**RECORDS TO PROCESS**
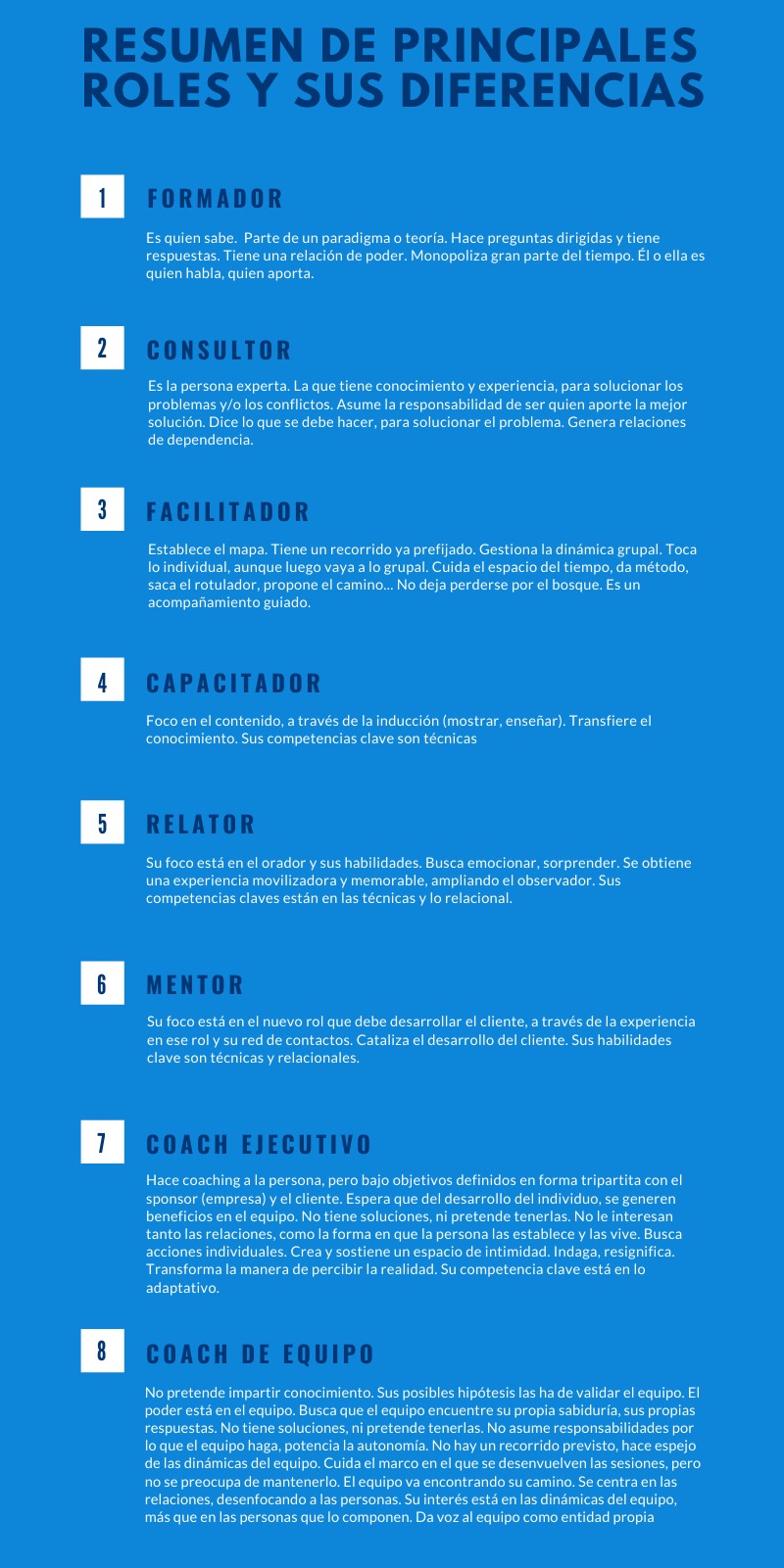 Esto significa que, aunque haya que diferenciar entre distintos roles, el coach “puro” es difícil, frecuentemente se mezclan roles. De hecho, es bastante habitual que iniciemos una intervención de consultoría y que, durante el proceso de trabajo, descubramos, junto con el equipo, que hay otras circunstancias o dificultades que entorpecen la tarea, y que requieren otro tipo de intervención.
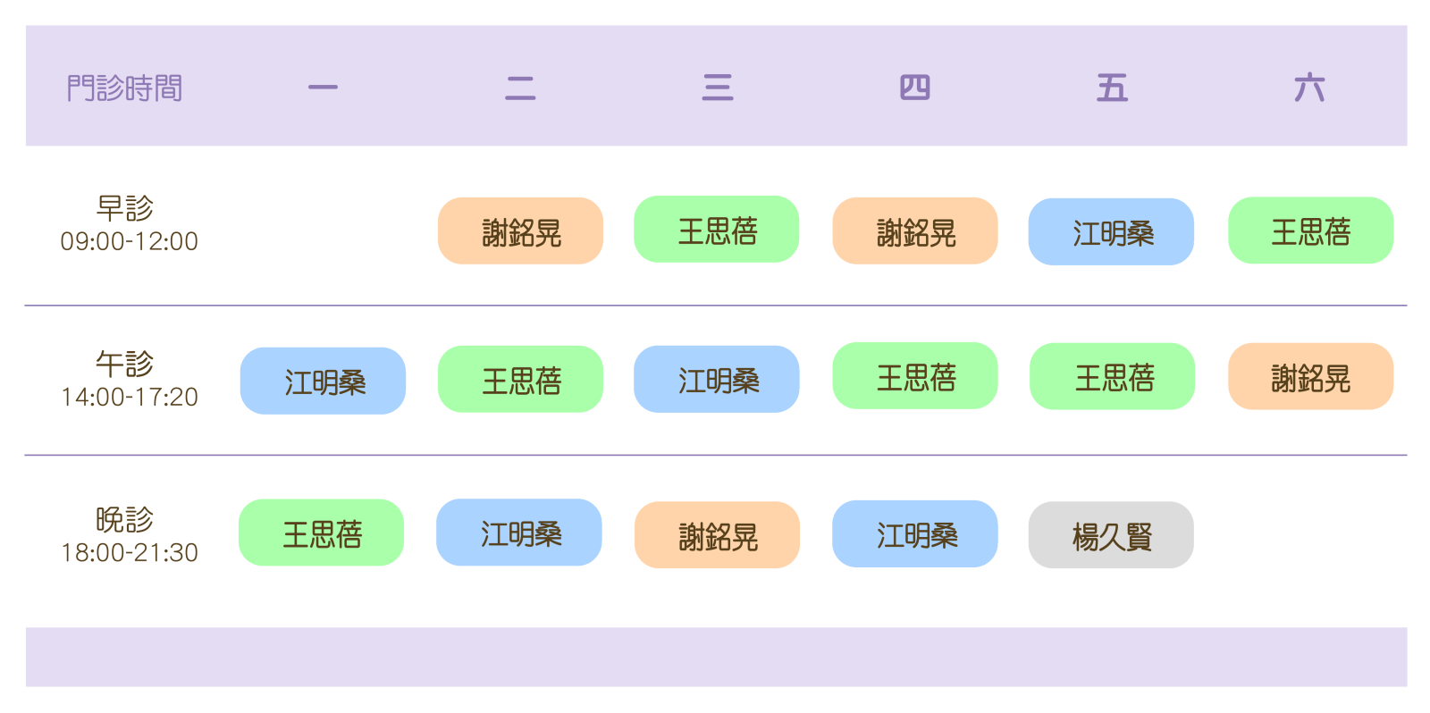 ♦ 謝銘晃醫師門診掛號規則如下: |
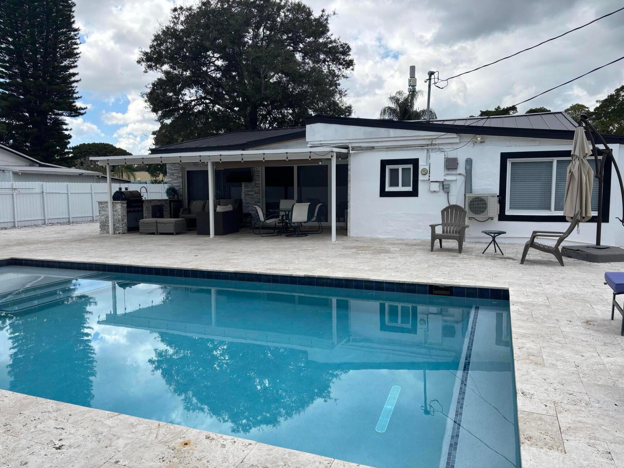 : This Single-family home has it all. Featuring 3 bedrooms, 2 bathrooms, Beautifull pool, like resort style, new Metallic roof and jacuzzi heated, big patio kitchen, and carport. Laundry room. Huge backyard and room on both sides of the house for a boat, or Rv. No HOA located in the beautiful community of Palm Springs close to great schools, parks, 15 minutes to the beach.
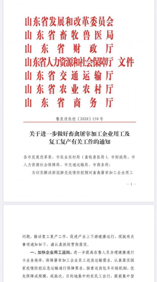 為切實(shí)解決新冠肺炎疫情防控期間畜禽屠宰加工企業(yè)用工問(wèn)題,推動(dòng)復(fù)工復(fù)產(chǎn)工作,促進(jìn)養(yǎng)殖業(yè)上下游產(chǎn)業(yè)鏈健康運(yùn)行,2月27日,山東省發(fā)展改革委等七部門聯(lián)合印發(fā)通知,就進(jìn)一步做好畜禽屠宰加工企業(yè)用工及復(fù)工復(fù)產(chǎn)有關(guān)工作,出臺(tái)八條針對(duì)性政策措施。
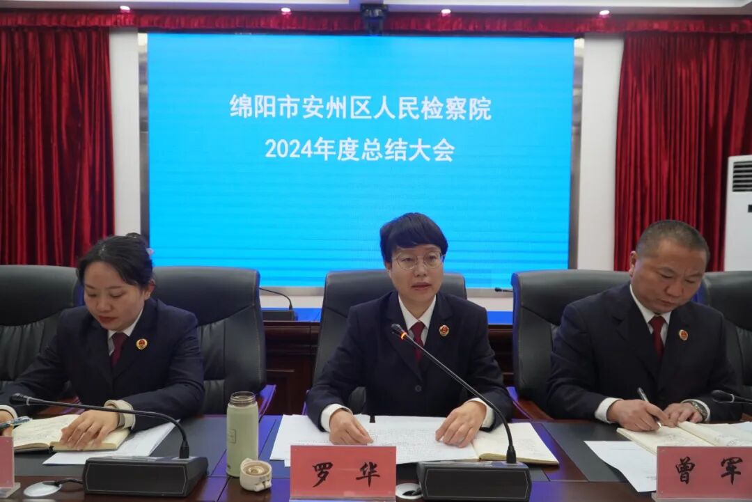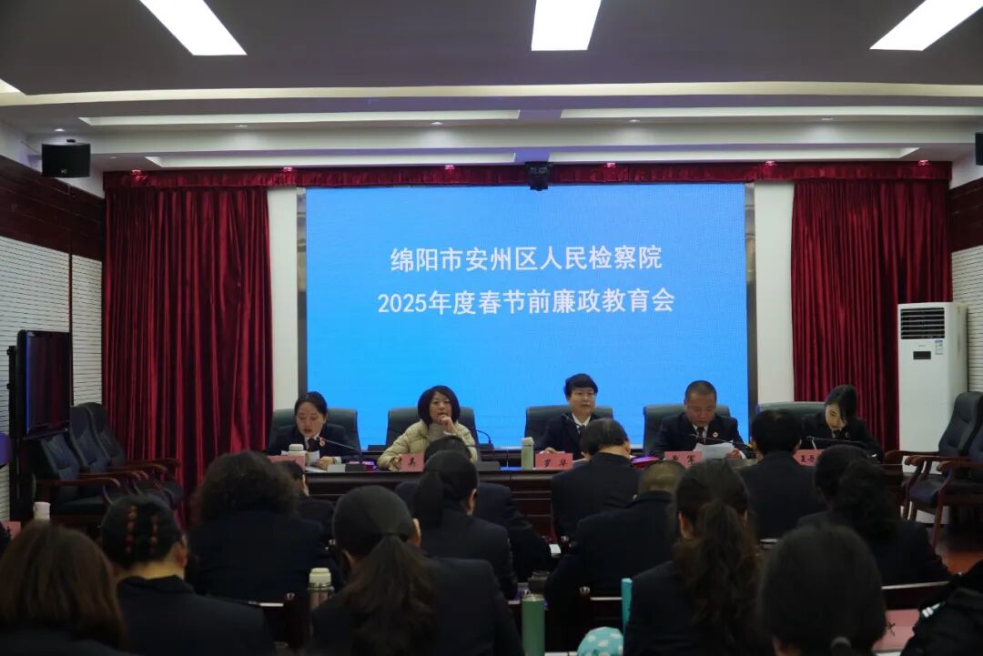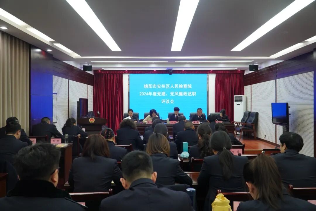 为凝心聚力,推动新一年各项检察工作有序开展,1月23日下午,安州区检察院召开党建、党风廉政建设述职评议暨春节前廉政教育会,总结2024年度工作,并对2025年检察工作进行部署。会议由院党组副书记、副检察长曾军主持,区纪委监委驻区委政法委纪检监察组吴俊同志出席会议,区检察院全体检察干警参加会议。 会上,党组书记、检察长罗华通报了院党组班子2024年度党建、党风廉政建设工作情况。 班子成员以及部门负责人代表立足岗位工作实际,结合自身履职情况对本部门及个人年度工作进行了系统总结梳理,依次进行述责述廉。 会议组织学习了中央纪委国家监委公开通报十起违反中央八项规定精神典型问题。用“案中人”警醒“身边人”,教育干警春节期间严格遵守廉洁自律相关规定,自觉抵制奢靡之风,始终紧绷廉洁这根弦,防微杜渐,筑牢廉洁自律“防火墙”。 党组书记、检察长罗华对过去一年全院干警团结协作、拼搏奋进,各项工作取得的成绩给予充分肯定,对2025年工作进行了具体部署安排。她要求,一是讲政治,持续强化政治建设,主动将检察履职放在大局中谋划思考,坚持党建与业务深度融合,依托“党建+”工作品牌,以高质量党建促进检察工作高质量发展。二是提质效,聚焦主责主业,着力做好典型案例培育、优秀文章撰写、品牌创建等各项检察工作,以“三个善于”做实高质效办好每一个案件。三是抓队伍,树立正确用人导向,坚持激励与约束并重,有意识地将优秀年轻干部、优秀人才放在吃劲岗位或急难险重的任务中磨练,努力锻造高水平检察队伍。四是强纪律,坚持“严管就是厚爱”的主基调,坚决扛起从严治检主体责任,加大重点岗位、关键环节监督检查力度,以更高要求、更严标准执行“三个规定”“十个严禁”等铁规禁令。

* * *

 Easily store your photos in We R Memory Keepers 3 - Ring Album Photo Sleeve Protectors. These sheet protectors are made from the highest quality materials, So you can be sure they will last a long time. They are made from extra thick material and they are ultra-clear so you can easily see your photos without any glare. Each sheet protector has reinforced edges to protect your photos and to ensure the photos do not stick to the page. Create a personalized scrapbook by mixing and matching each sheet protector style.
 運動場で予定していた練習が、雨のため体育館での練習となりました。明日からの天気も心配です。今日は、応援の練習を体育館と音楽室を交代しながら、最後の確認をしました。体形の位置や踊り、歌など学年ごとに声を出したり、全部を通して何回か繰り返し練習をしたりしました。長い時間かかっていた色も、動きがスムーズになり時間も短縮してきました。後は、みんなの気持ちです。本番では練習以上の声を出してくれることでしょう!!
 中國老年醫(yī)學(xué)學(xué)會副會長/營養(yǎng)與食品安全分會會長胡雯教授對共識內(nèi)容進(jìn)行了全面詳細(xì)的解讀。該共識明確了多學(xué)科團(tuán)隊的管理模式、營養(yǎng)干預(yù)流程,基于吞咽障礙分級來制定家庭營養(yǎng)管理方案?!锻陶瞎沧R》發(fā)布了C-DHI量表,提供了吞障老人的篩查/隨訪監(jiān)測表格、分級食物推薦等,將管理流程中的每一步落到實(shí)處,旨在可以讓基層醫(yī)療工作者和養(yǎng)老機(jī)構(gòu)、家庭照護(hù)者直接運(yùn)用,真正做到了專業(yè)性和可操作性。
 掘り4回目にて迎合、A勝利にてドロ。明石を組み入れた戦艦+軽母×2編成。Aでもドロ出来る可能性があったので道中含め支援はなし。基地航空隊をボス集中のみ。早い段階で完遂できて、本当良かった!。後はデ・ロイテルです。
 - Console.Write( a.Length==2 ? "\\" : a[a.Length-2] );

---

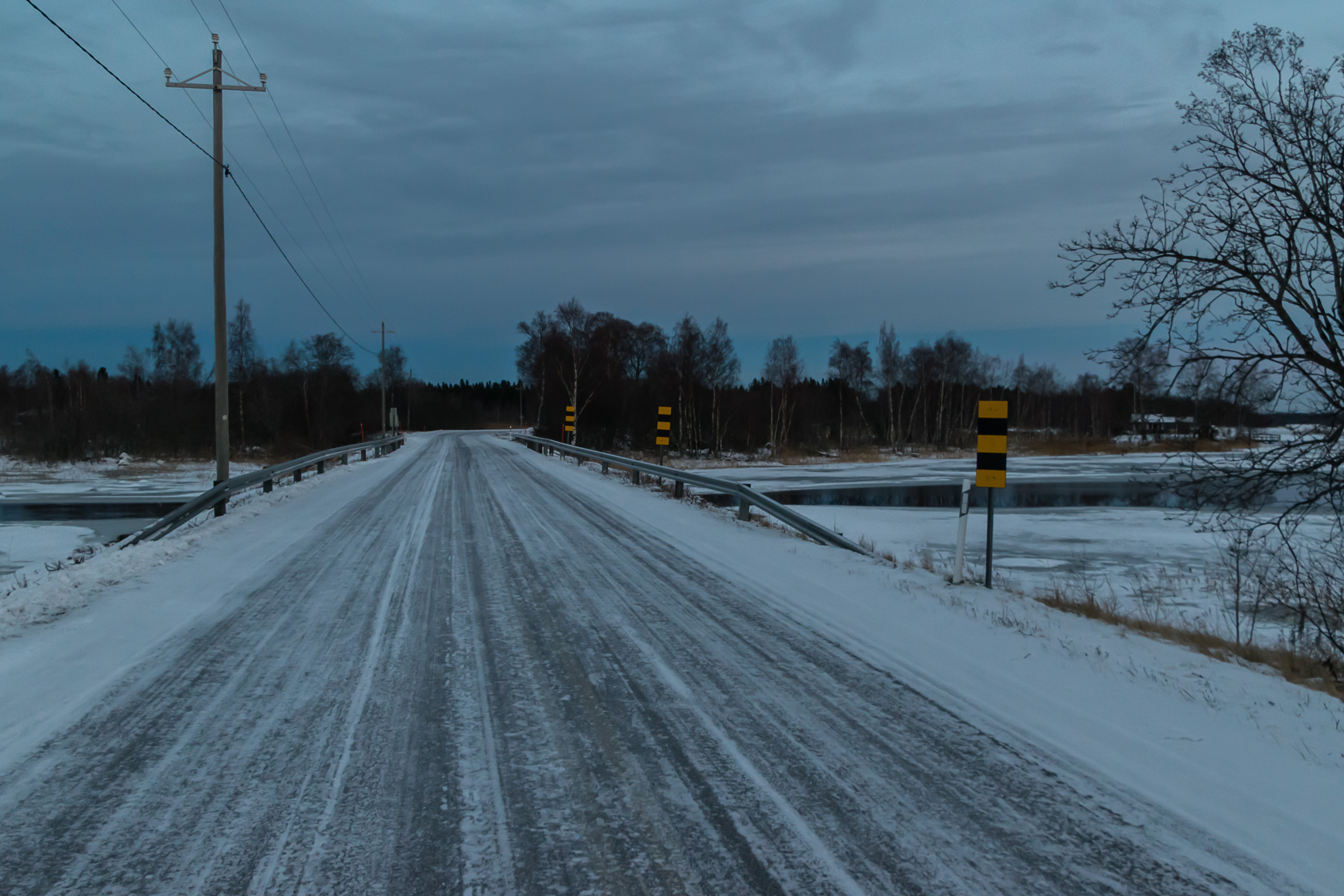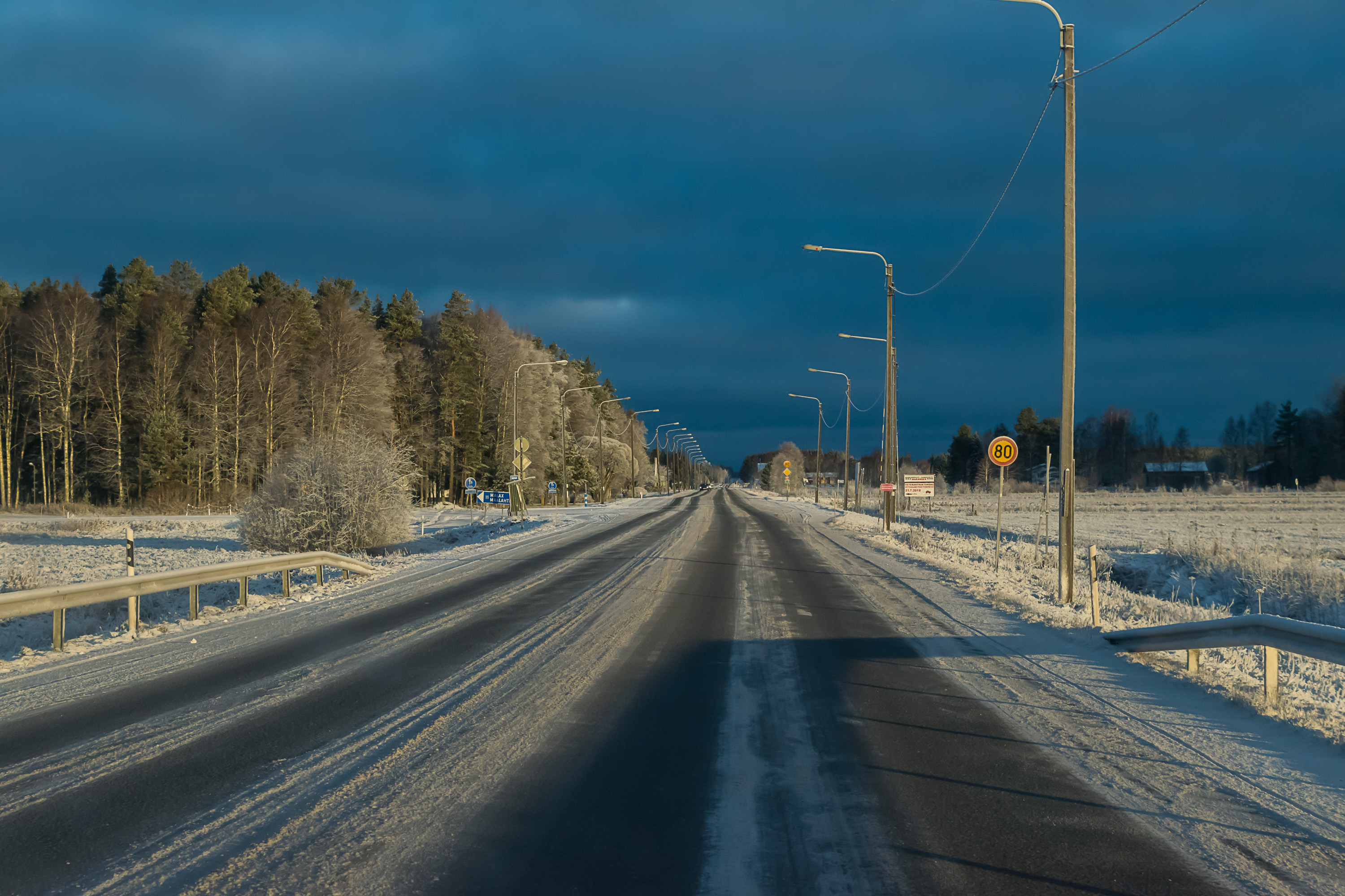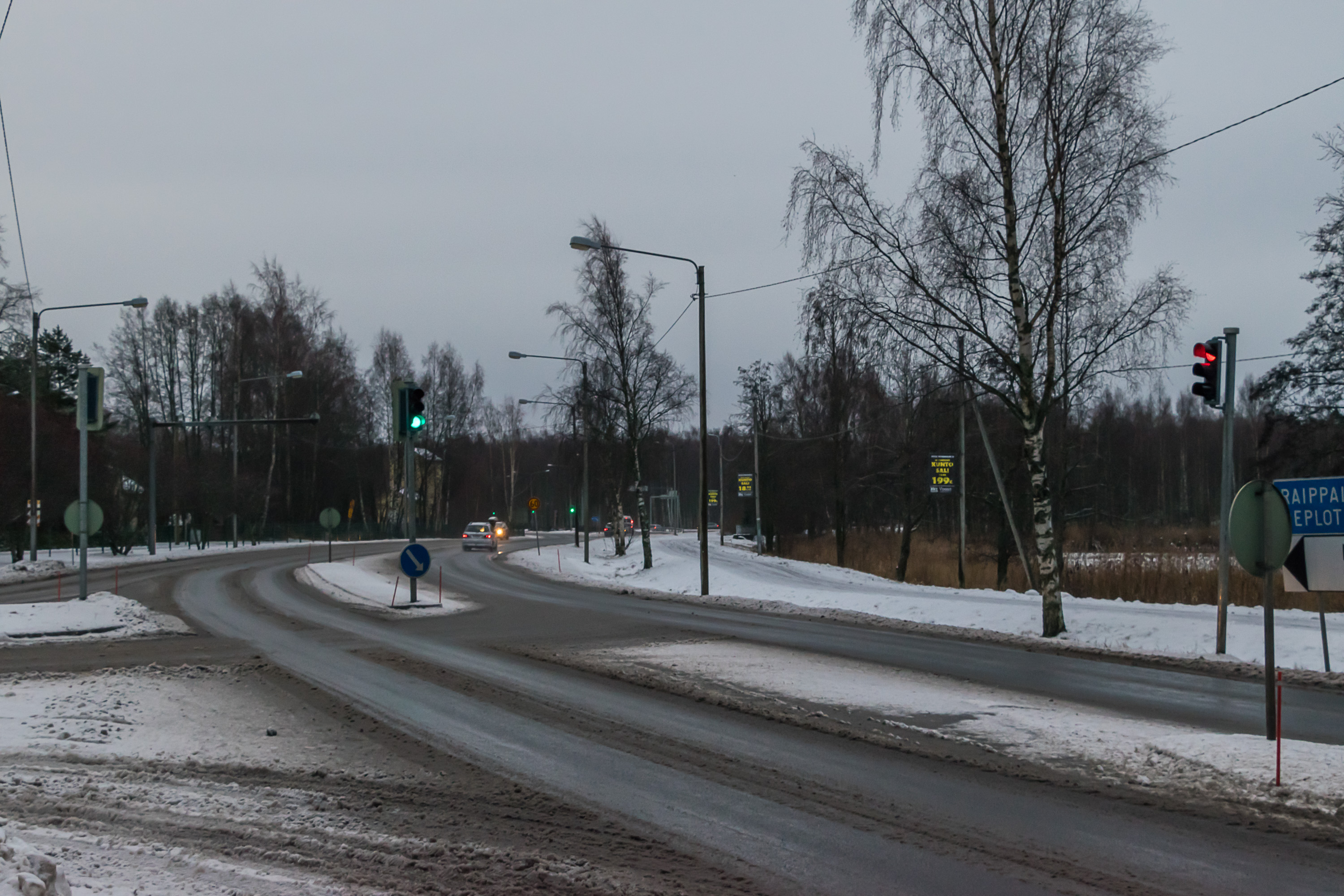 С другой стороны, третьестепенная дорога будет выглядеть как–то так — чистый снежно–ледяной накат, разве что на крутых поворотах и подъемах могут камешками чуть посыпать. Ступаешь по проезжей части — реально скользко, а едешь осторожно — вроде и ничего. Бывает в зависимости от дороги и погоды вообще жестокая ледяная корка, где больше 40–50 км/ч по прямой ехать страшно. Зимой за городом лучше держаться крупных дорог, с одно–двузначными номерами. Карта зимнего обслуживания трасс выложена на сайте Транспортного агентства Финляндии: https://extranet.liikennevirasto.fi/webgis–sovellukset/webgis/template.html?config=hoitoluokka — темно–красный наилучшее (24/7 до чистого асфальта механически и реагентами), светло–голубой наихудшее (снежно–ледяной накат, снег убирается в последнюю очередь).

**PROBLEM REQUIREMENTS**
Retype the entries above exactly, but only from the line containing "中國老年醫(yī)學(xué" through the line containing "- Console.Write( a.Length==2", both included.

**RESPONSE TO THIS EXERCISE**
 中國老年醫(yī)學(xué)學(xué)會副會長/營養(yǎng)與食品安全分會會長胡雯教授對共識內(nèi)容進(jìn)行了全面詳細(xì)的解讀。該共識明確了多學(xué)科團(tuán)隊的管理模式、營養(yǎng)干預(yù)流程,基于吞咽障礙分級來制定家庭營養(yǎng)管理方案?!锻陶瞎沧R》發(fā)布了C-DHI量表,提供了吞障老人的篩查/隨訪監(jiān)測表格、分級食物推薦等,將管理流程中的每一步落到實(shí)處,旨在可以讓基層醫(yī)療工作者和養(yǎng)老機(jī)構(gòu)、家庭照護(hù)者直接運(yùn)用,真正做到了專業(yè)性和可操作性。
 掘り4回目にて迎合、A勝利にてドロ。明石を組み入れた戦艦+軽母×2編成。Aでもドロ出来る可能性があったので道中含め支援はなし。基地航空隊をボス集中のみ。早い段階で完遂できて、本当良かった!。後はデ・ロイテルです。
 - Console.Write( a.Length==2 ? "\\" : a[a.Length-2] );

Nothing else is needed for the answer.